=== Information given ===

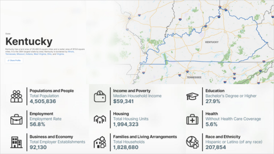 Explore Census Bureau data about Kentucky as we celebrate its anniversary of statehood. Learn more about the state using data profiles and other interactive data tools.
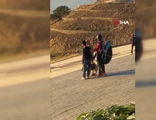 Köpeğiyle yamaç paraşütü atlayışı yaptı, o anlar kamerada
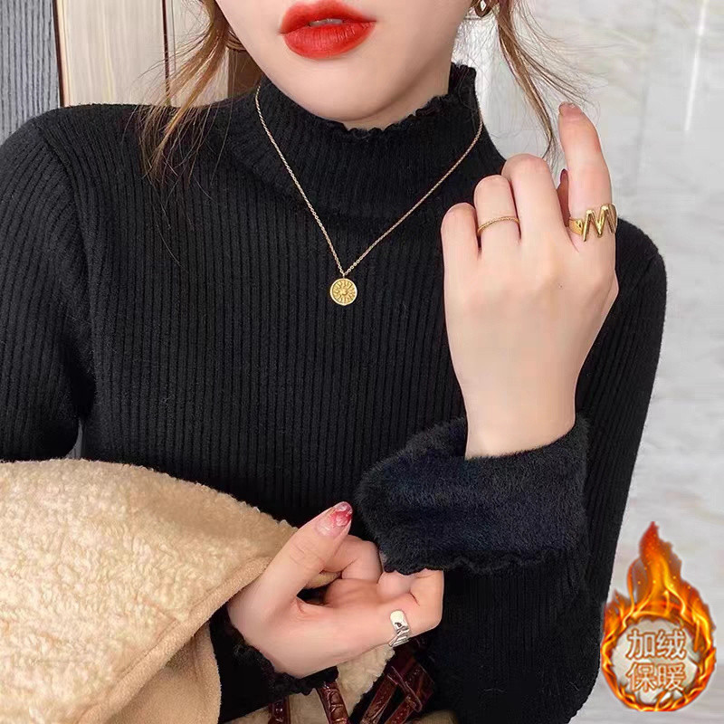 กันหนาว เสื้อคอเต่า เสื้อไหมพรม เสื้อคอเต่า ฮีทเทค เสื้อกันหนาวเสื้อถักคอกึ่งสูงบุขนกำมะหยี่หนาพิเศษมีความยืดหยุ่นสูงรุ่นใหม่สไตล์ฮอตขนแกะชิ้นเดียว
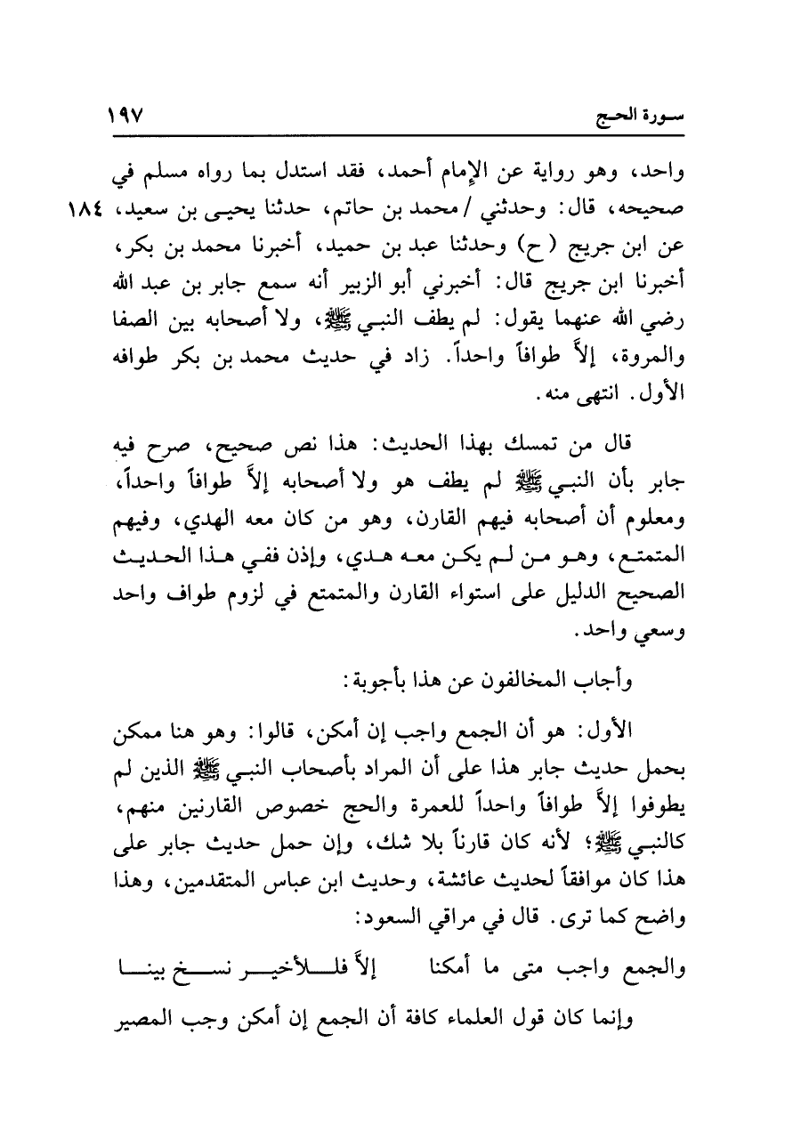 الأول: هو أن الجمع واجب إن أمكن، قالوا: وهو هنا ممكن بحمل حديث جابر هذا على أن المراد بأصحاب النبي - صلى الله عليه وسلم - الذين لم يطوفوا إلَّا طوافًا واحدًا للعمرة والحج خصوص القارنين منهم، كالنبي - صلى الله عليه وسلم - ، لأنه كان قارنًا بلا شك، وإن حمل حديث جابر على هذا كان موافقًا لحديث عائشة، وحديث ابن عباس المتقدمين، وهذا واضح كما ترى. قال في مراقي السعود:
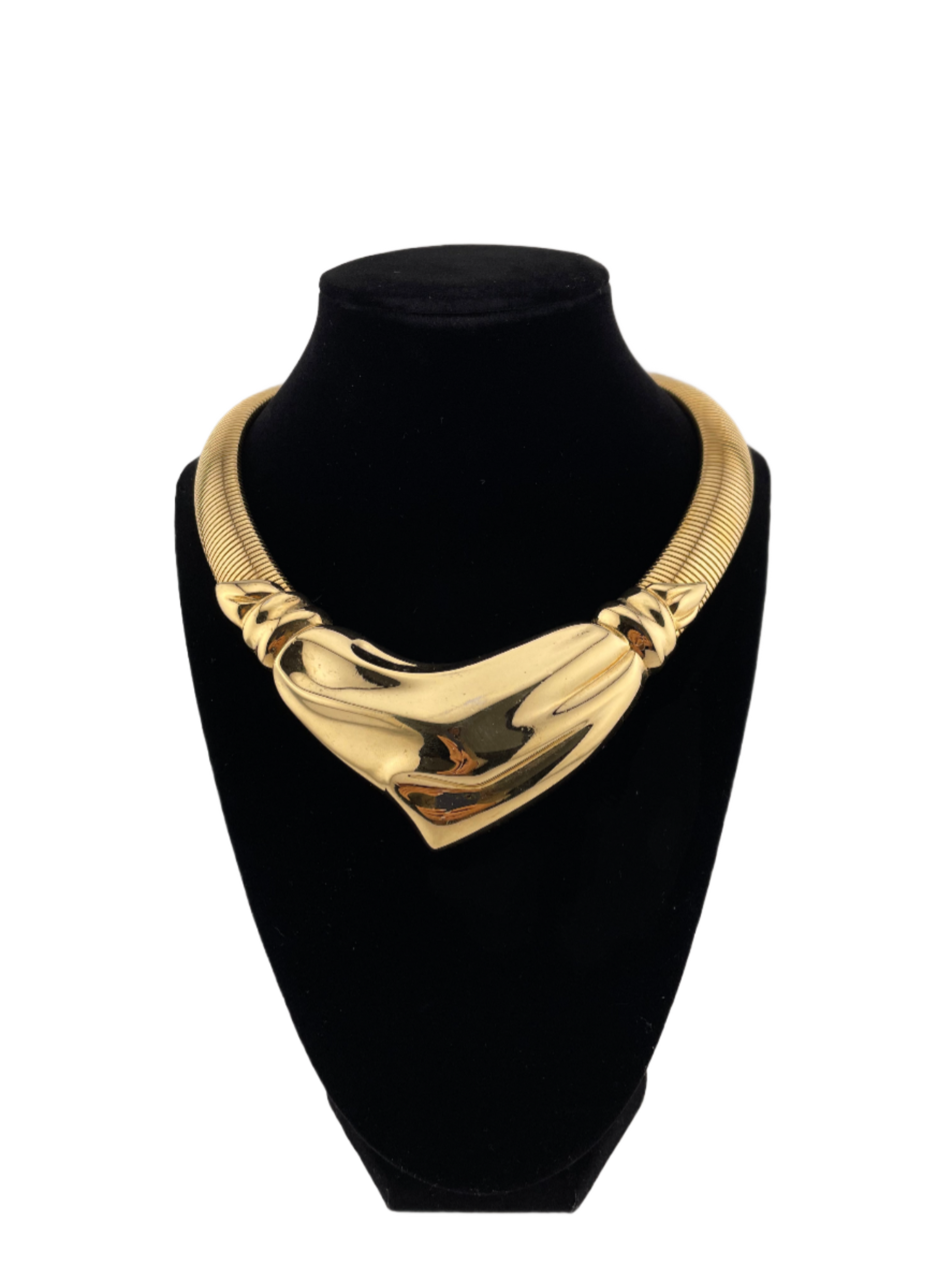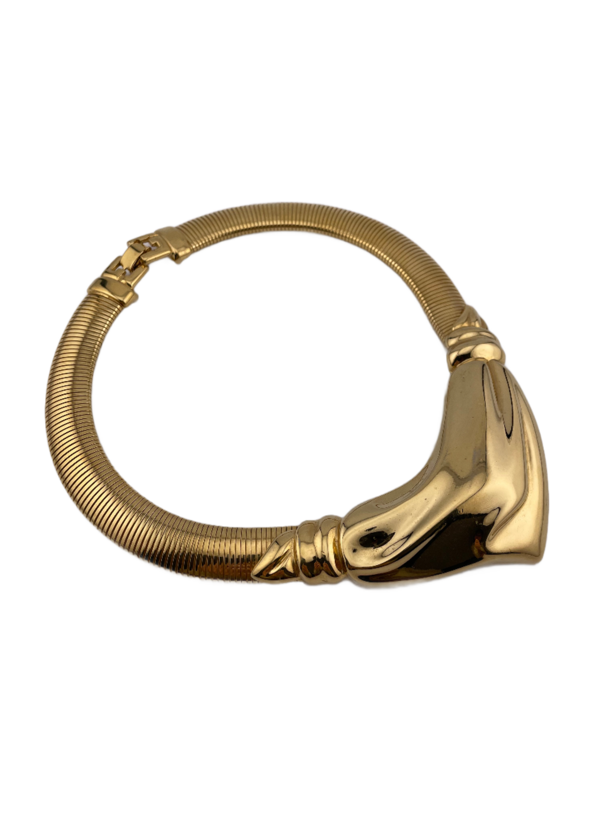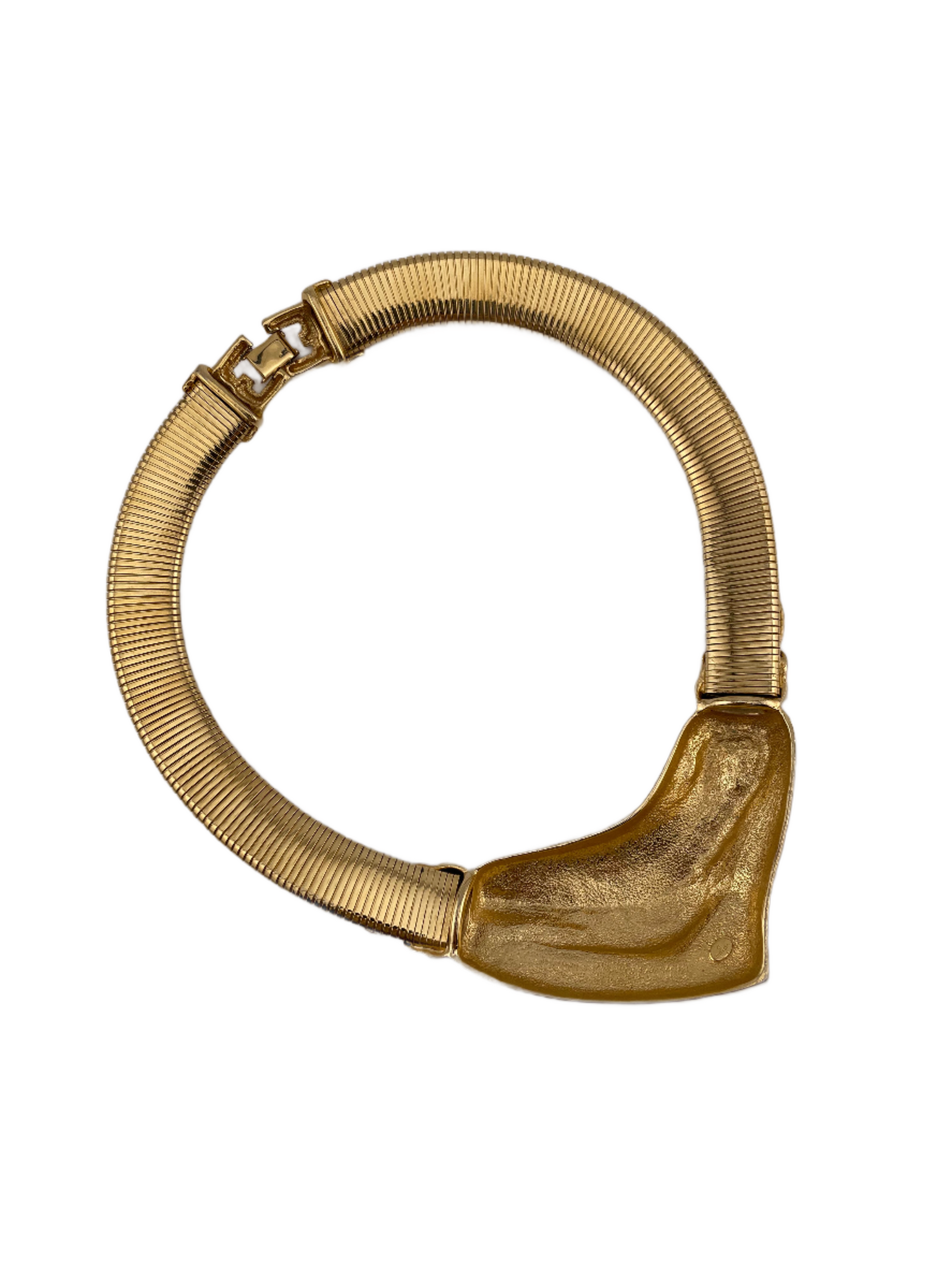 - Notes: Gold-plated choker collar, chunky with fold-over clasp
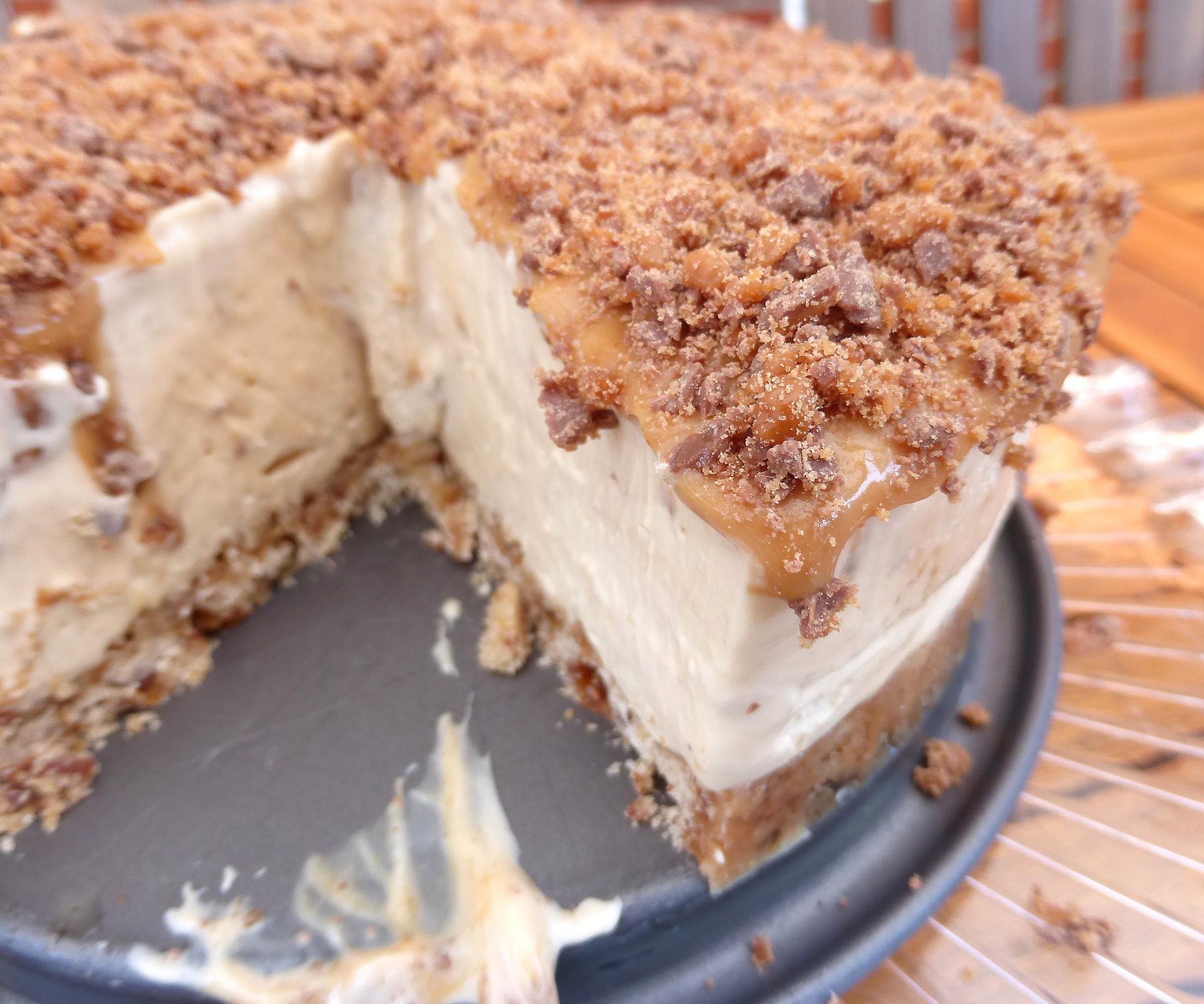 ~ Pre-heat the oven to 150°C (300°F) and grease a small spring-form cake tin (mine is 6 inches/ 18cm). Finely crush the Daim (or Health/Skor) bars using a food processor or blender and put to one side.
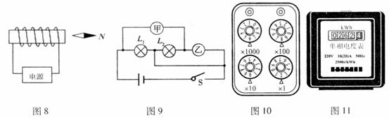 28.如图9所示电路,在○里填上电压表或电流表的符号,当开关S闭合时,灯L1与L2并联。
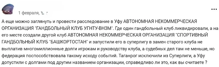 В статье про зарплаты гандболистов мы получили вот такой комментарий от читателя нашего блога:
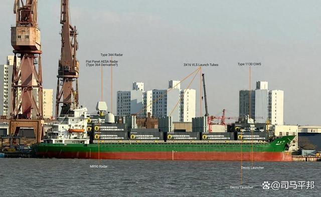 与此同时,就在扣押中国油轮后,美媒披露一艘中国货轮的照片,显示甲板配置了60单元导弹垂发系统及近防武器。尽管该船可能仅为测试模型,但其象征意义不容忽视,因为这可能暗示通过“军民融合”模式,将庞大商船队转化为战时辅助火力平台。
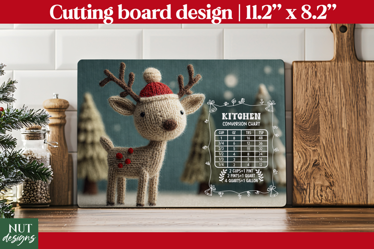 Christmas Cutting Board Sublimation Christmas Kitchen Cutting Board Whimsical Recipe Chart Png Knitted Reindeer Kitchen Chart Png Cozy Reindeer Kitchen Decor Christmas Baking Chart Holiday Cooking Helper Chart Christmas Kitchen Conversion Chart Sublimation Cute Reindeer Printable Png Cozy Christmas Baking Guide
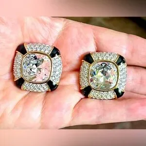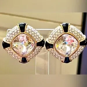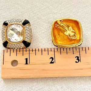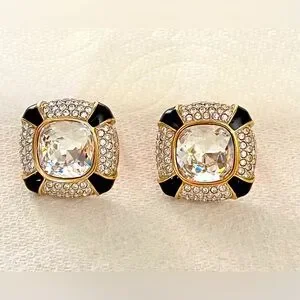 Swarovski Large Gold Plate Clip on Earrings Blk Enamel, Clear Crystal
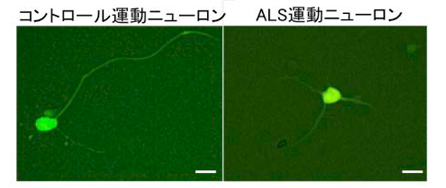 ALSは運動ニューロンが変性することで次第に全身が動かなくなり死に至る疾患です。これまではALS患者さんから運動ニューロンを取り出すことができなかったために、患者さんの病態をそのまま反映するモデルを作ることが難しく、ALS治療に有効な治療薬開発は進んでいませんでした。
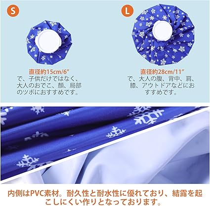 ・【冷温両用のアイスバッグ】アイスバッグのサイズ(Sサイズ:直径約15cm 、Mサイズ:直径約23cm、Lサイズ:直径約28cm)。冷感を使う場合は、氷嚢に氷と水を3分の2ほど入れます。(★注意:氷を追加する際、室温との差が大きいと結露が発生する場合があります。タオルなどで包むことをお勧めします。温熱用法の場合は、氷嚢に温水を3分の2ほど入れます。(★注意:水の温度は50-60℃/ 122?-140?です)
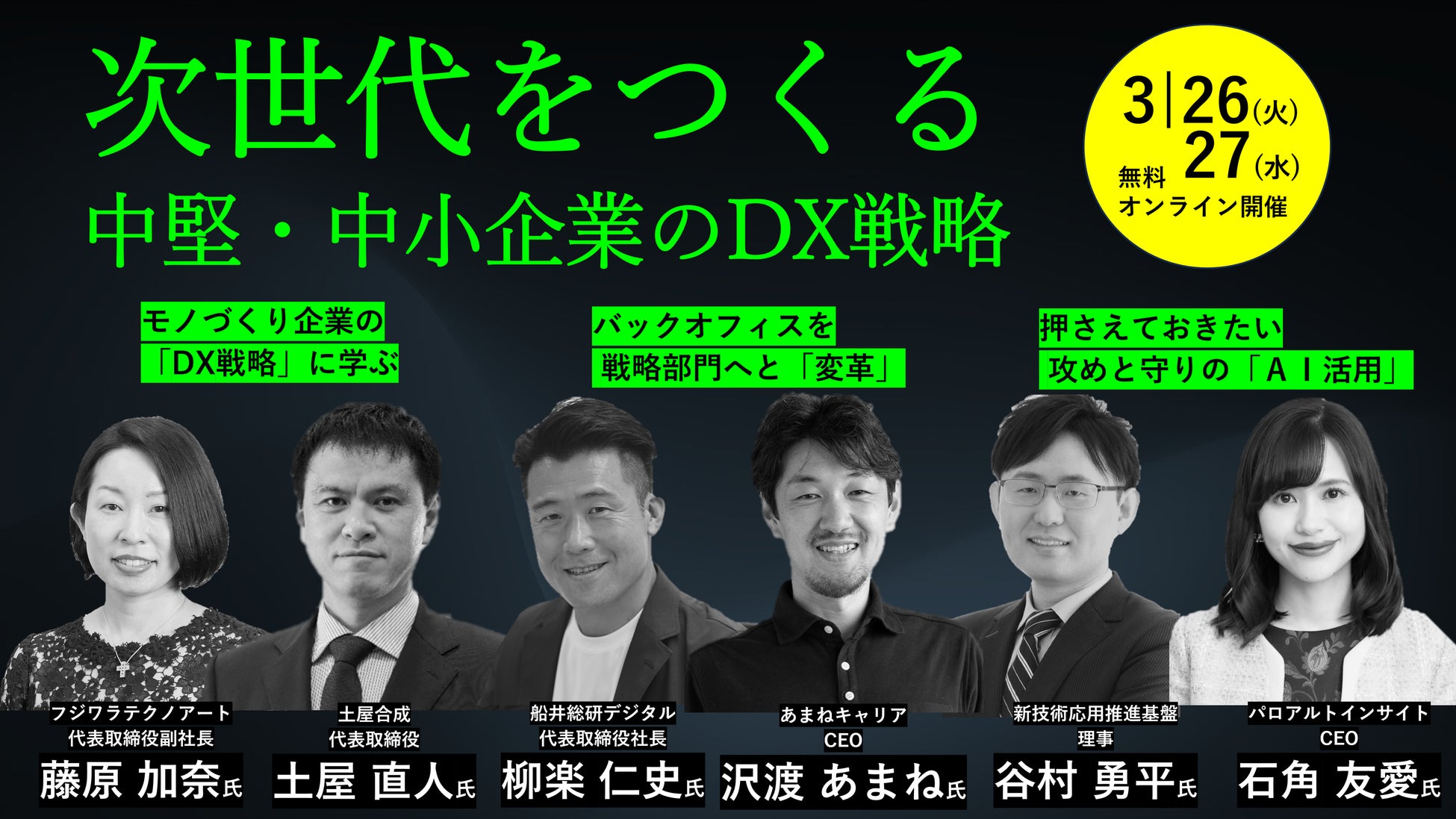 デジタル技術を活用し事業成長を実現している中小企業経営者に加え、バックオフィス(間接部門)改革やAI活用の専門家を招き、業務効率化や生産性向上、人材育成、事業創出など次世代をつくる「DX戦略」について考えます。

===

▶ [Required work]: Write out every record exactly. Leave the pictures out.

▶ [Answer to the problem]:
 Explore Census Bureau data about Kentucky as we celebrate its anniversary of statehood. Learn more about the state using data profiles and other interactive data tools.
 Köpeğiyle yamaç paraşütü atlayışı yaptı, o anlar kamerada
 กันหนาว เสื้อคอเต่า เสื้อไหมพรม เสื้อคอเต่า ฮีทเทค เสื้อกันหนาวเสื้อถักคอกึ่งสูงบุขนกำมะหยี่หนาพิเศษมีความยืดหยุ่นสูงรุ่นใหม่สไตล์ฮอตขนแกะชิ้นเดียว
 الأول: هو أن الجمع واجب إن أمكن، قالوا: وهو هنا ممكن بحمل حديث جابر هذا على أن المراد بأصحاب النبي - صلى الله عليه وسلم - الذين لم يطوفوا إلَّا طوافًا واحدًا للعمرة والحج خصوص القارنين منهم، كالنبي - صلى الله عليه وسلم - ، لأنه كان قارنًا بلا شك، وإن حمل حديث جابر على هذا كان موافقًا لحديث عائشة، وحديث ابن عباس المتقدمين، وهذا واضح كما ترى. قال في مراقي السعود:
 - Notes: Gold-plated choker collar, chunky with fold-over clasp
 ~ Pre-heat the oven to 150°C (300°F) and grease a small spring-form cake tin (mine is 6 inches/ 18cm). Finely crush the Daim (or Health/Skor) bars using a food processor or blender and put to one side.
 28.如图9所示电路,在○里填上电压表或电流表的符号,当开关S闭合时,灯L1与L2并联。
 В статье про зарплаты гандболистов мы получили вот такой комментарий от читателя нашего блога:
 与此同时,就在扣押中国油轮后,美媒披露一艘中国货轮的照片,显示甲板配置了60单元导弹垂发系统及近防武器。尽管该船可能仅为测试模型,但其象征意义不容忽视,因为这可能暗示通过“军民融合”模式,将庞大商船队转化为战时辅助火力平台。
 Christmas Cutting Board Sublimation Christmas Kitchen Cutting Board Whimsical Recipe Chart Png Knitted Reindeer Kitchen Chart Png Cozy Reindeer Kitchen Decor Christmas Baking Chart Holiday Cooking Helper Chart Christmas Kitchen Conversion Chart Sublimation Cute Reindeer Printable Png Cozy Christmas Baking Guide
 Swarovski Large Gold Plate Clip on Earrings Blk Enamel, Clear Crystal
 ALSは運動ニューロンが変性することで次第に全身が動かなくなり死に至る疾患です。これまではALS患者さんから運動ニューロンを取り出すことができなかったために、患者さんの病態をそのまま反映するモデルを作ることが難しく、ALS治療に有効な治療薬開発は進んでいませんでした。
 ・【冷温両用のアイスバッグ】アイスバッグのサイズ(Sサイズ:直径約15cm 、Mサイズ:直径約23cm、Lサイズ:直径約28cm)。冷感を使う場合は、氷嚢に氷と水を3分の2ほど入れます。(★注意:氷を追加する際、室温との差が大きいと結露が発生する場合があります。タオルなどで包むことをお勧めします。温熱用法の場合は、氷嚢に温水を3分の2ほど入れます。(★注意:水の温度は50-60℃/ 122?-140?です)
 デジタル技術を活用し事業成長を実現している中小企業経営者に加え、バックオフィス(間接部門)改革やAI活用の専門家を招き、業務効率化や生産性向上、人材育成、事業創出など次世代をつくる「DX戦略」について考えます。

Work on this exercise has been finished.